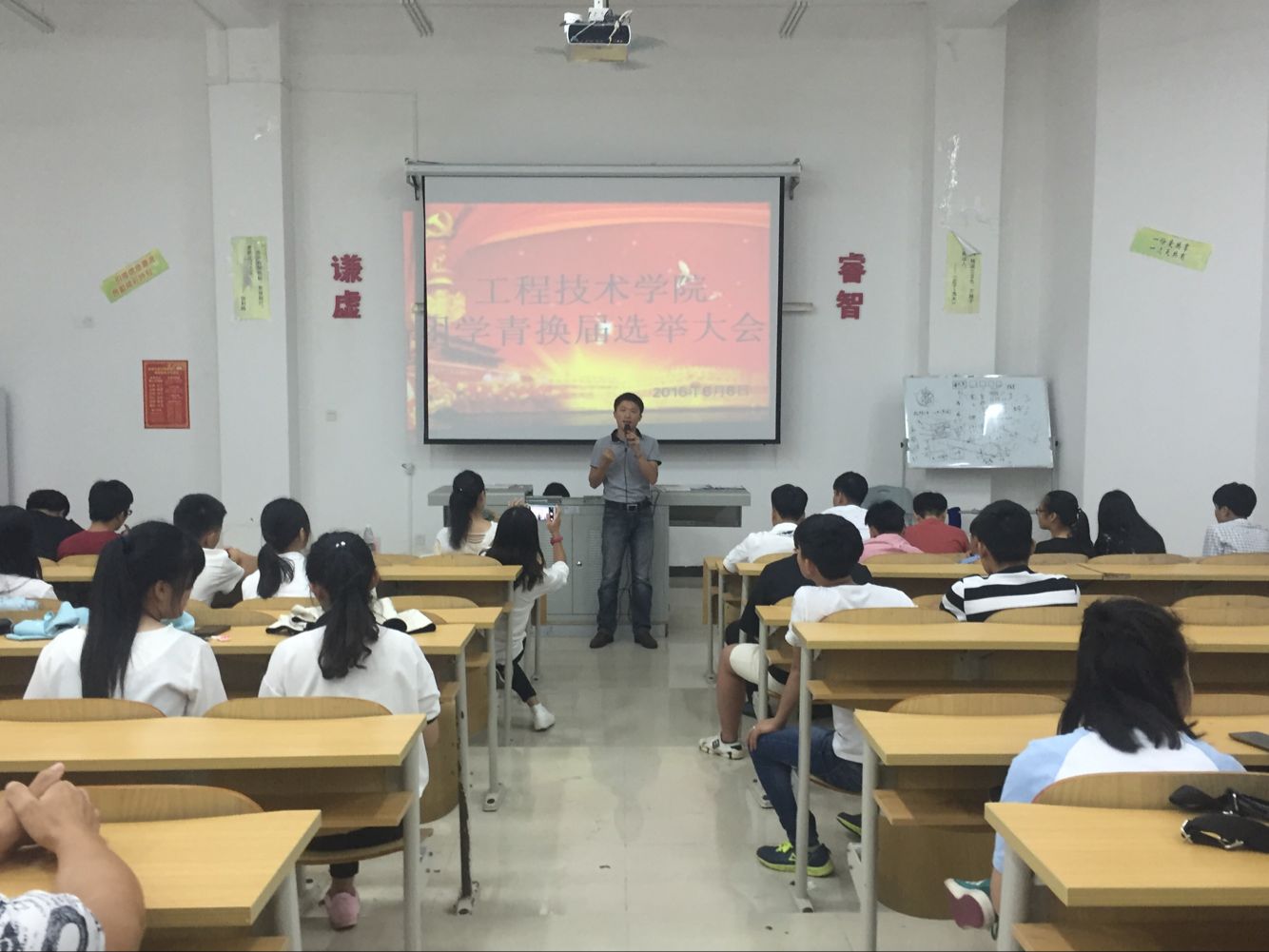 67日讯(工程技术公司 岳将红报道)又是一年毕业季,在学长学姐激情飞扬,拥抱挥帽的欢乐时刻,团总支员工会换届选举大会也在热烈上映。66日晚7点整,工程技术公司第一届团学青换届选举大会在2―526举行,出席本次大会的有院团总支书记梁其钰老师、院团学青负责人代晓明老师、院主席团成员以及全体团学青干事,大家共聚一堂,一起来迎接这神圣而又激动人心的时刻。
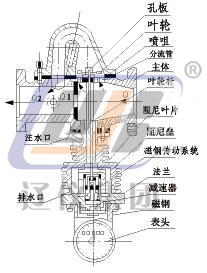 流量計是按節流元件,分流原理設計制造的;被測蒸汽進入流量計主體后分為兩路,一路Q1通過節流孔板(此部分蒸汽不作計量),在孔板兩側產生壓差△P,在此壓差作用下,另一路Q2流經噴嘴噴射在葉輪上,葉輪軸轉動。為減慢葉輪軸轉速,葉輪軸下方按有阻尼葉片并浸沒在阻尼室內水中。由于兩路有同一壓差△P,在規定流量范圍內,根據流體相似原理,兩路蒸汽流量Q1和Q2之間的比例關系基本為常量,這樣只要測出流經噴嘴部分的流量Q2,即可知總流量Q。
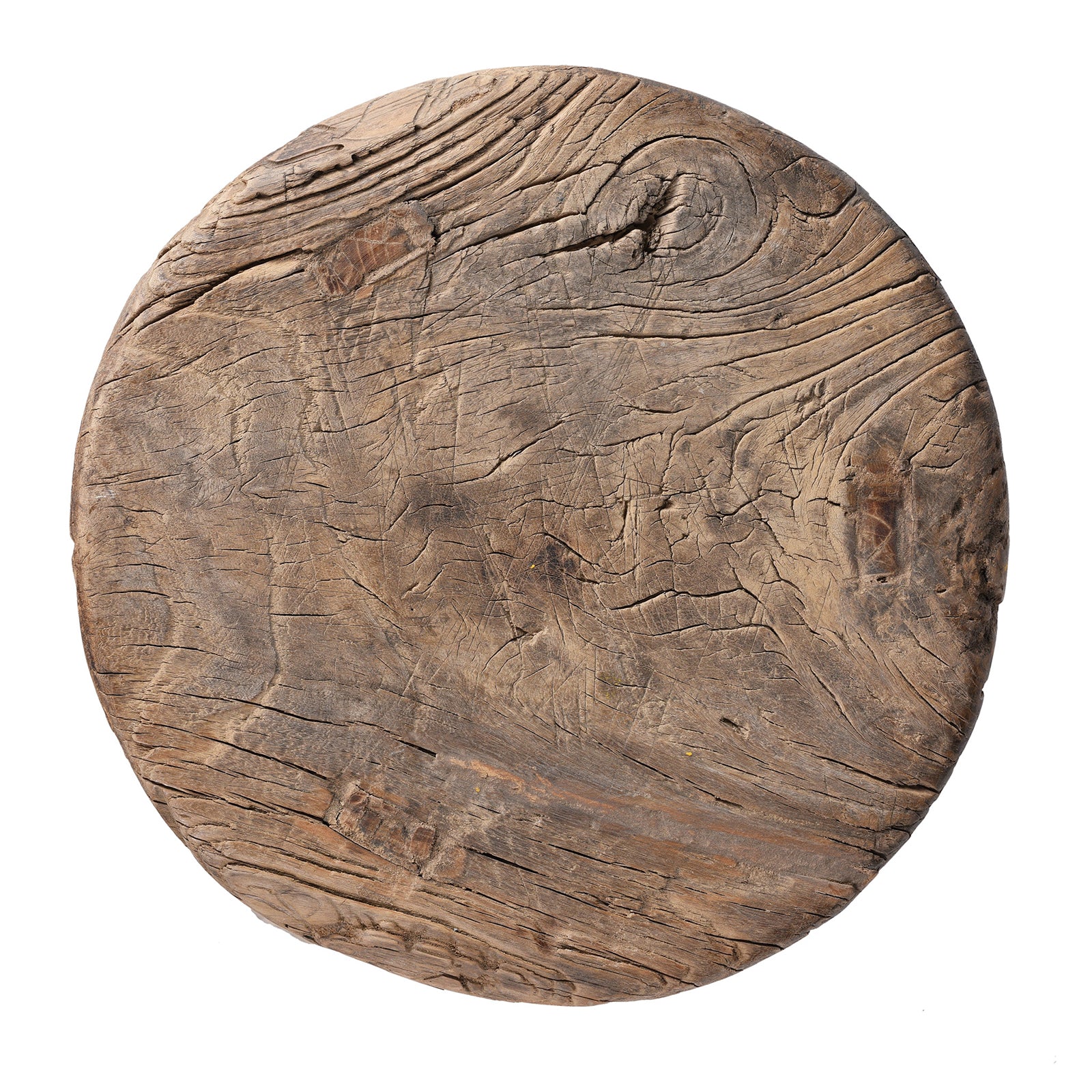 This three-legged farmer's milking stool from Shanxi province dates to around 1900. Handcrafted in elm, it has a thick, round seat supported by tapered legs joined with simple stretchers for stability. The seat's surface shows the distinctive wear and markings of long-term use, while the wood retains a darkened patina from decades of handling.
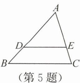 5. (教材P74习题2变式)如图,在△ABC中,D,E分别是边AB,AC上的点,且DE//BC.若△ADE与△ABC周长的比为2:3,AD=4,则DB=
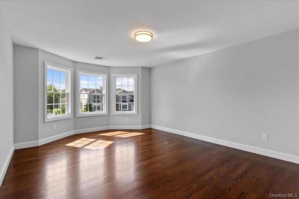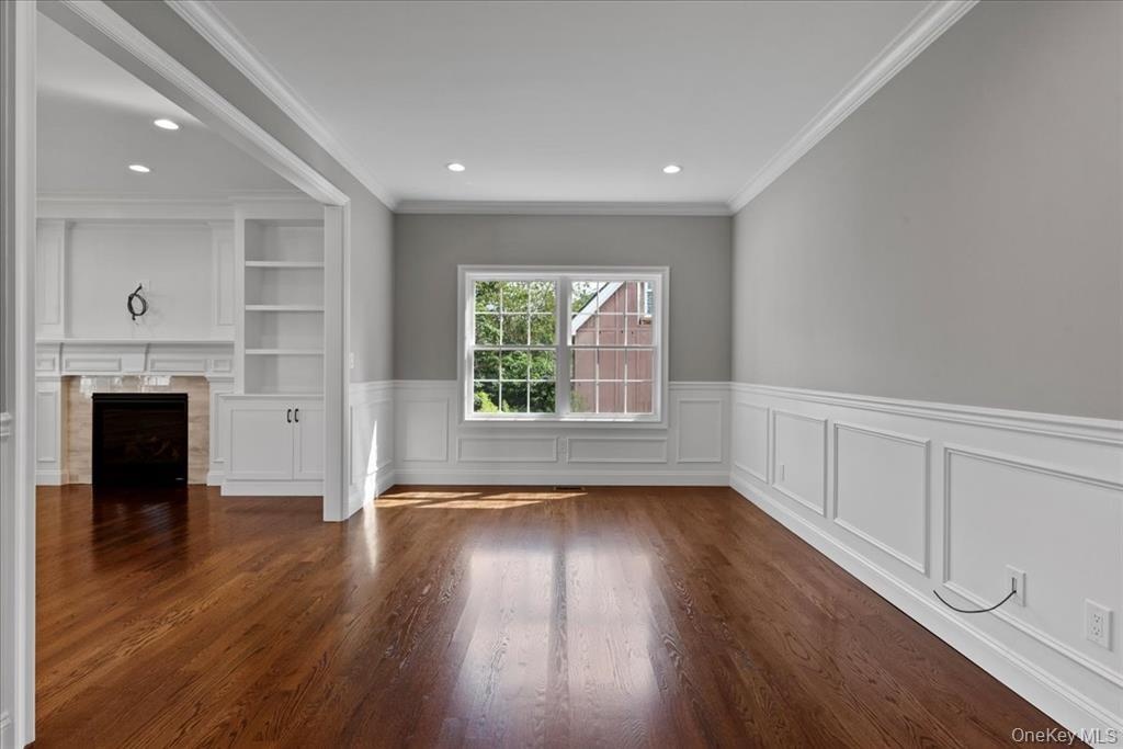 - Spare room (bdrm#5 or office/guest rm) next to family room with recessed lighting, dark wood finished floors, ornamental molding, a wainscoted wall, a
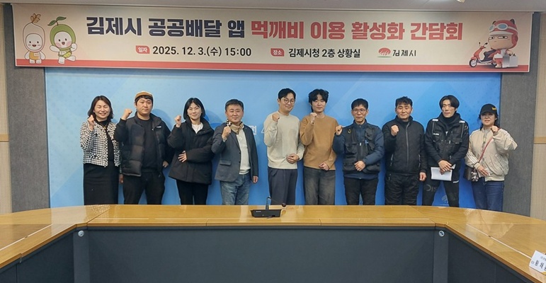 [김제=뉴전북]김제시는 지난 3일 시청 상황실에서 공공배달앱 먹깨비’ 이용 활성화 방안 논의를 위해 운영사가맹점주배달업체시 관계자가 참석한 가운데 운영 현황을 공유하고 현장 의견을 청취하는 간담회를 개최했다고 밝혔다.
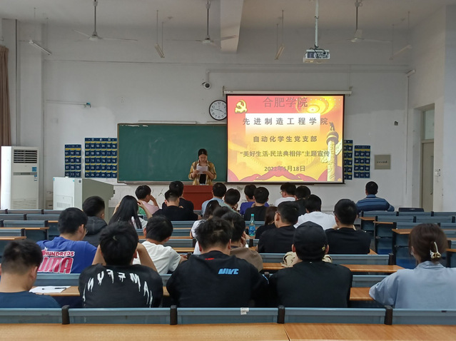 根據學校黨委組織部和學院黨委關于開展民法典學習宣傳的工作安排,2022年5月18日下午4時,先進制造工程學院自動化學生黨支部在36棟101展開了“美好生活,《民法典》相伴”主題宣傳活動,旨在讓黨員同志們學習了解《民法典》,以法立人,依法守法,尤其是對于即將步入社會的大四畢業生,要認真學習研讀法律知識,在將來的工作和生活中,知法守法,讓法律真正成為個人權利的保障。
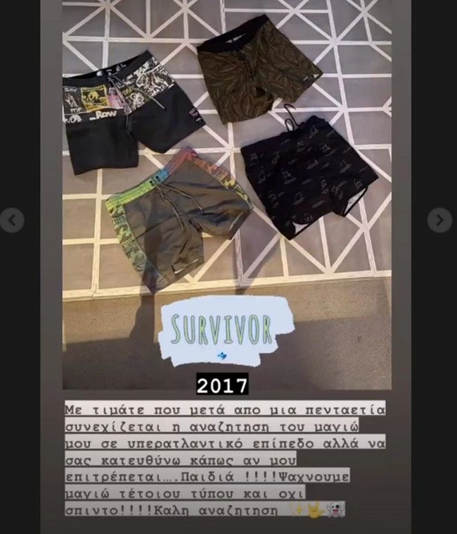 Ειδικότερα, ανέβασε μία φωτογραφία με τέσσερα μαγιό του και σημείωσε: Με τιμάτε που μετά από μια πενταετία συνεχίζεται η αναζήτηση του μαγιό μου σε υπερατλαντικό επίπεδο, αλλά να σας κατευθύνω κάπως αν μου επιτρέπεται... Παιδιά!!! Ψάχνουμε μαγιό τέτοιου τύπου και όχι σπίντο! Καλή αναζήτηση".
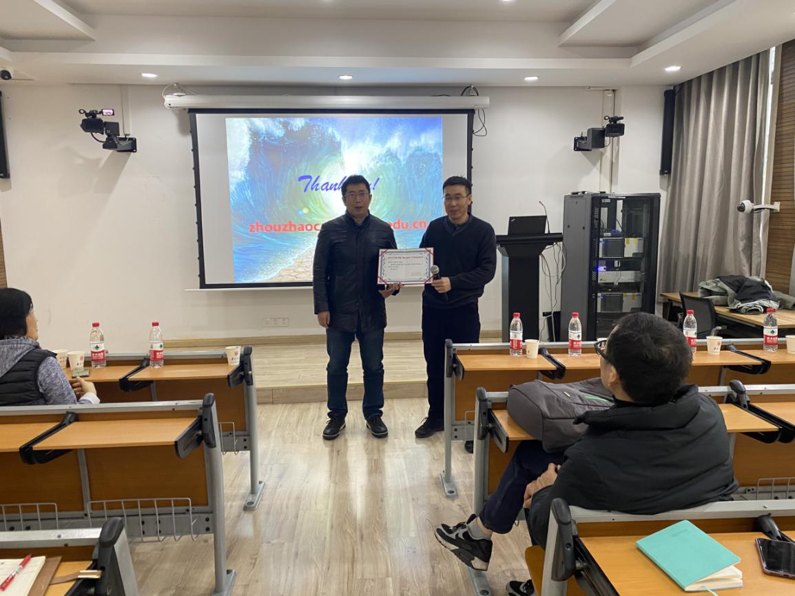 上午10点,周兆才教授在太阳成城集团tyc234cc古天乐东南楼206会议室给大家带来一场关于“靶向Hippo通路的抗肿瘤策略研究”精彩的学术报告。周教授近年来重点研究器官尺寸控制信号通路调控胃肠道肿瘤发生及免疫应答的机制与功能,发现了多个可用于胃癌、结肠癌等恶性肿瘤以及感染性疾病的潜在诊断标志物和先导药物。在报告期间,太阳成城集团tyc234cc古天乐师生与周教授围绕相关内容展开深入讨论交流,并对领域前沿亟待解决的突出科学问题寄语展望,气氛和谐融洽。会后,太阳成城集团tyc234cc古天乐副经理王宏伟教授为周教授颁发太阳成城集团tyc234cc古天乐“知行论坛”学术活动证书。
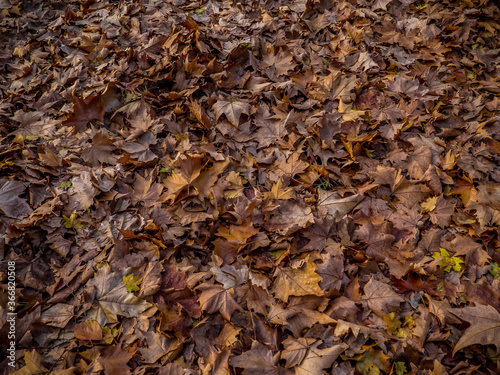 Ground full of fallen brown leaves in autumn
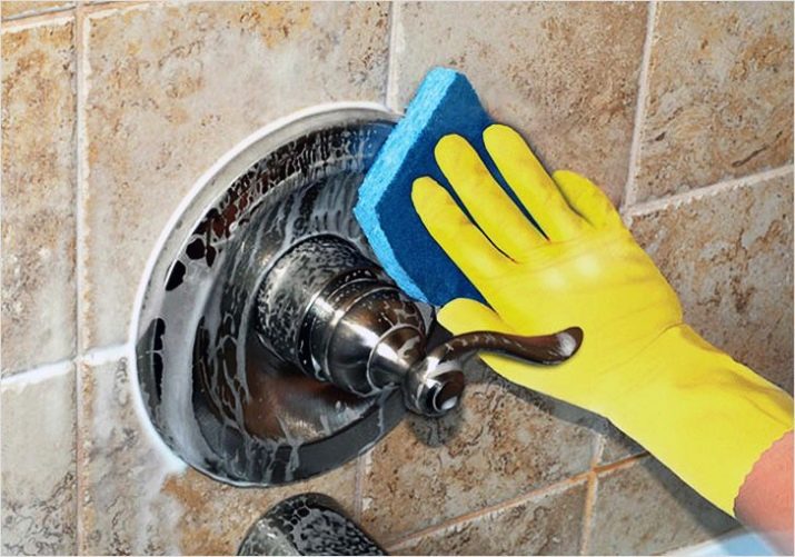 Near drains, taps and sprays, it is necessary to use the most thicker cleaning agent that has the consistency of a paste or cream. Apply a thorough layer of the drug to the problem area, wait as long as it is written in the instructions, and rinse well. This solution will save the surface of the crane not only from calcareous deposits or traces of corrosion, but even from the most stubborn mold. Chrome steel needs to be washed with lemon juice or rubbed with toothpaste, this will help to remove dirt and achieve perfect shine.
========
Problem to work on. Repeat the lines above, starting at the first and stopping after the line that holds "- Spare room", with the pictures left out.

Solution to this problem.
 67日讯(工程技术公司 岳将红报道)又是一年毕业季,在学长学姐激情飞扬,拥抱挥帽的欢乐时刻,团总支员工会换届选举大会也在热烈上映。66日晚7点整,工程技术公司第一届团学青换届选举大会在2―526举行,出席本次大会的有院团总支书记梁其钰老师、院团学青负责人代晓明老师、院主席团成员以及全体团学青干事,大家共聚一堂,一起来迎接这神圣而又激动人心的时刻。
 流量計是按節流元件,分流原理設計制造的;被測蒸汽進入流量計主體后分為兩路,一路Q1通過節流孔板(此部分蒸汽不作計量),在孔板兩側產生壓差△P,在此壓差作用下,另一路Q2流經噴嘴噴射在葉輪上,葉輪軸轉動。為減慢葉輪軸轉速,葉輪軸下方按有阻尼葉片并浸沒在阻尼室內水中。由于兩路有同一壓差△P,在規定流量范圍內,根據流體相似原理,兩路蒸汽流量Q1和Q2之間的比例關系基本為常量,這樣只要測出流經噴嘴部分的流量Q2,即可知總流量Q。
 This three-legged farmer's milking stool from Shanxi province dates to around 1900. Handcrafted in elm, it has a thick, round seat supported by tapered legs joined with simple stretchers for stability. The seat's surface shows the distinctive wear and markings of long-term use, while the wood retains a darkened patina from decades of handling.
 5. (教材P74习题2变式)如图,在△ABC中,D,E分别是边AB,AC上的点,且DE//BC.若△ADE与△ABC周长的比为2:3,AD=4,则DB=
 - Spare room (bdrm#5 or office/guest rm) next to family room with recessed lighting, dark wood finished floors, ornamental molding, a wainscoted wall, a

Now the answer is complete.